Образ протагониста как монстра гораздо более интересен. На протяжении практически всего романа Невилл монстром как будто бы не является. Оплакивая погибшее человечество, он борется со злом в лице вампиров, каждый день выходя на своеобразную «охоту», во время которой он находит спящих вампиров и убивает их колом в сердце, хотя ему психологически сложно убивать женщин и детей — они напоминают ему о погибшей семье. При этом он сам не может себе объяснить, зачем он это делает. В конце романа он узнает, что вампиры разумны, они создали свое общество и пытаются восстановить нечто вроде государства — определенный организованный порядок. Тогда же Невилл осознает себя для начала как преступника — и отказывается бежать, когда его предупреждает Рут, сочувствующая ему вампирша. Она рассказывает ему про безопасное место, однако, несмотря на это, он решает остаться и в течение нескольких месяцев ждет неизбежного ареста, а позже сдается на казнь. Это его решение в романе

детально прописано: когда вампиры за ним приходят, его первым порывом становится сопротивление, но он этот порыв сдерживает: «Он убил многих из них, и они должны были его схватить для собственной безопасности. Он не будет сопротивляться. Он отдаст себя правосудию их нового общества. Когда его вызовут, он выйдет и сдастся. Таким было его решение» [7, с. 150]. Жестокость вампиров Невилла отталкивает, но в итоге он все-таки признает за ними право на нее, так же как он признает свою ненормальность в глазах нового общества. Позже в тюрьме он приходит к пониманию, что для нового общества он был не преступником, но монстром - неуловимым убийцей, выходящим на охоту днем, когда вампиры спят, и скрывающимся по ночам. Монструозный дискурс здесь в определенном смысле инвертирован: герой не приобретает собственную монструозность, а обнаруживает ее — монстром он стал еще до начала действия, когда не мутировал вместе со всеми, и дальше, когда день за днем отказывался погибнуть от рук вампиров, что, надо полагать, превратило бы его в одного из них. То есть монстром его делает нежелание и неспособность отпустить старое общество и стать частью обновленного человечества. Приняв себя как монстра, Невилл приносит себя в жертву: вампиры жаждут расправы, и, чтобы спасти новое общество от жестокости, он совершает самоубийство — не дожидаясь казни, добровольно пьет яд, принесенный ему Рут. Примечательно, как его решение подается в романе: «И внезапно он подумал, теперь это я — ненормальный. Норма — категория большинства, стандарт общества, а не просто одного человека. <...> Он понял, они действительно его боялись. Для них он был какой-то ужасной напастью, какой они никогда не видели <...> хуже болезни, с которой они научились жить. <.> И он понял, что они чувствовали, и не испытывал к ним ненависти. <.> Лишь бы все не закончилось жестокостью» [7, с. 159]. Невилл принимает себя как монстра и решает отступить и дать дорогу новому человечеству. Он убивал монстров последние три года и, выпив яд, убивает еще двух: буквального (биологического) — себя — и метафорического — насилие и жестокость, которые порождает его существование. Он также принимает себя как преступника — убийцу, а не героя света — а преступление должно быть наказано. Последний аргумент убеждает его сдаться, первый — совершить самоубийство. Таким образом Невилл, как Христос, жертвует собой ради лучшего будущего человечества — но человечества нового.

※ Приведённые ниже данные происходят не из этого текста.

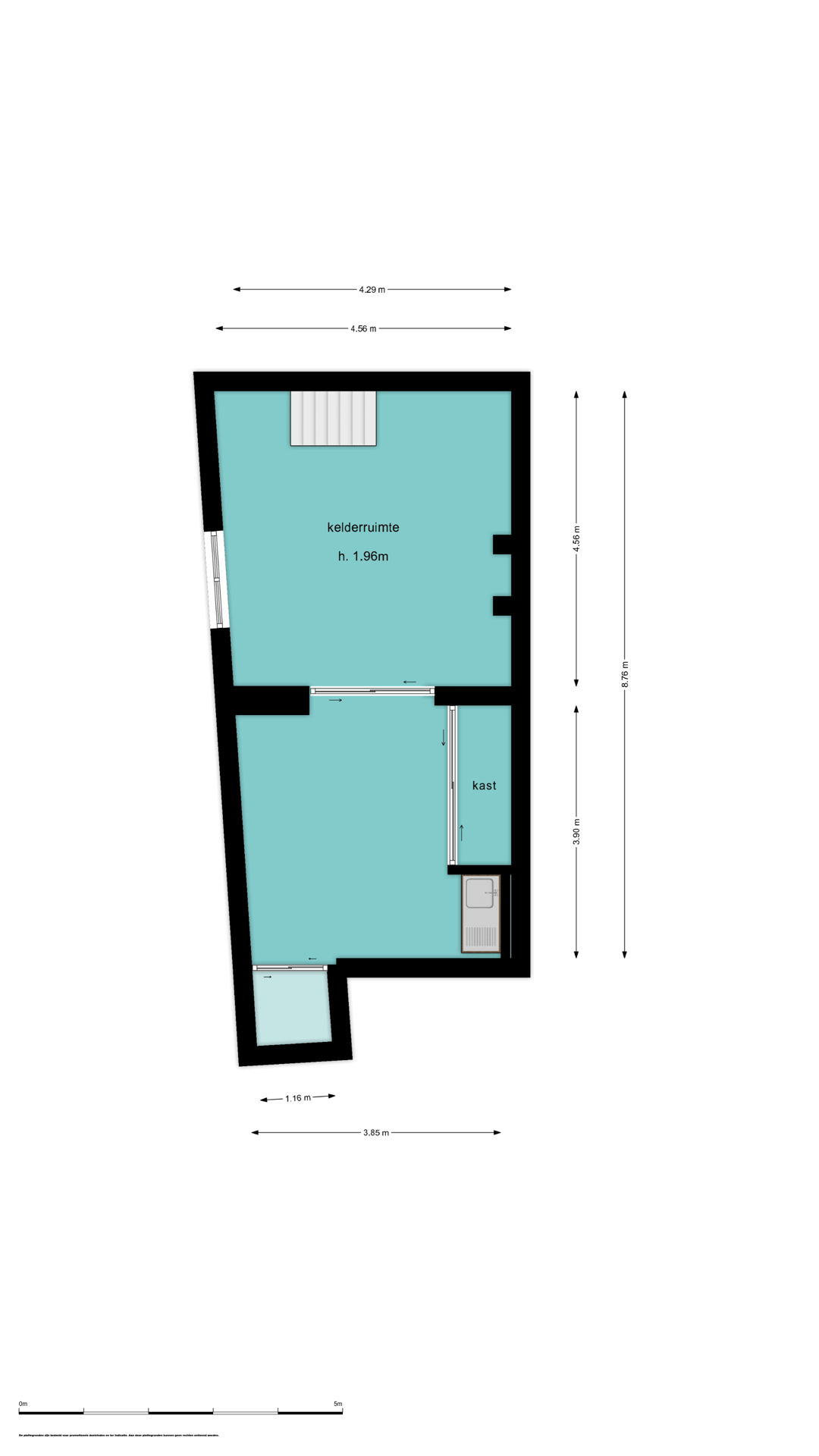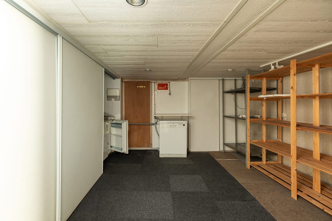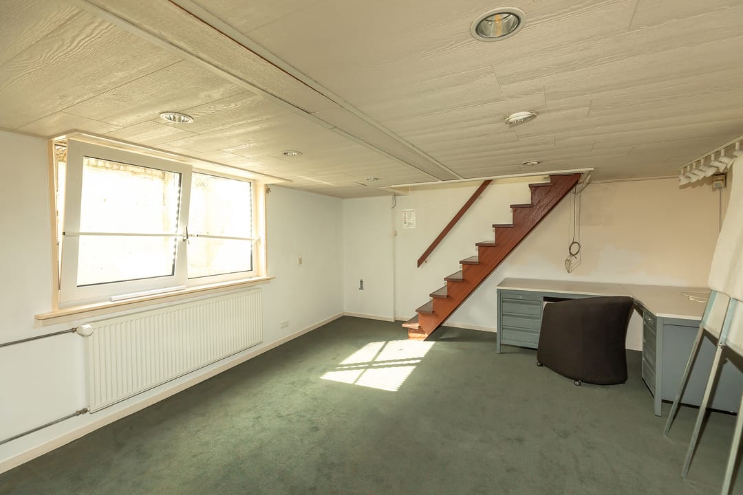 Via de trap is het souterrain bereikbaar, een praktische en goed bruikbare ruimte van circa 45 m². Ideaal als archief of opslagruimte.

Отметим при этом, что американские исследователи жертву протагониста упорно отрицают. Тот же Хейс описывает его как «казненного новым обществом», поскольку «общество <. >

может быть спасено, только если Невилла казнят», то есть Хейс подает Невилла как невинную жертву вампиров [6, с. 4]. Робертс, хоть и признает факт самоубийства, объясняет его изначальной склонностью героя к саморазрушению — тот много пьет, ломает мебель в припадках ярости, и самоубийство для него — логичное завершение пути [10, с. 43]. Подобная трактовка литературного первоисточника сказывается и на их анализе экранизаций, тем более что в каждой из них, кроме режиссерской версии Лоуренса, монструозность протагониста и, напротив, демонстроизация антагонистов также убрана из нарратива.

Ранние адаптации

Существует три экранизации романа Мэтисона: «Последний человек на Земле» (1964), «Человек-омега» (1971) и «Я — легенда» (2007). Первый фильм ближе всего к оригинальному тексту, тогда как «Человек-омега» представляет собой скорее фильм «по мотивам» книги Мэтисона, а версия 2007 года по содержанию находится где-то посередине, поскольку заимствует идеи как из самого романа, так и из предыдущих киноадаптаций. Робертс отмечает интересный факт: с каждой новой инкарнацией в культурном поле жизнь и смерть протагониста приобретают все большее и большее значение, так как «последний человек на Земле все больше не может быть один; его смерть должна служить спасению большей и большей части человечества» [10, с. 42]. Это очень точное описание: тогда как в книге последний человек вынужден отступить и дать дорогу природе и эволюции, в экранизациях человечество постепенно одерживает верх.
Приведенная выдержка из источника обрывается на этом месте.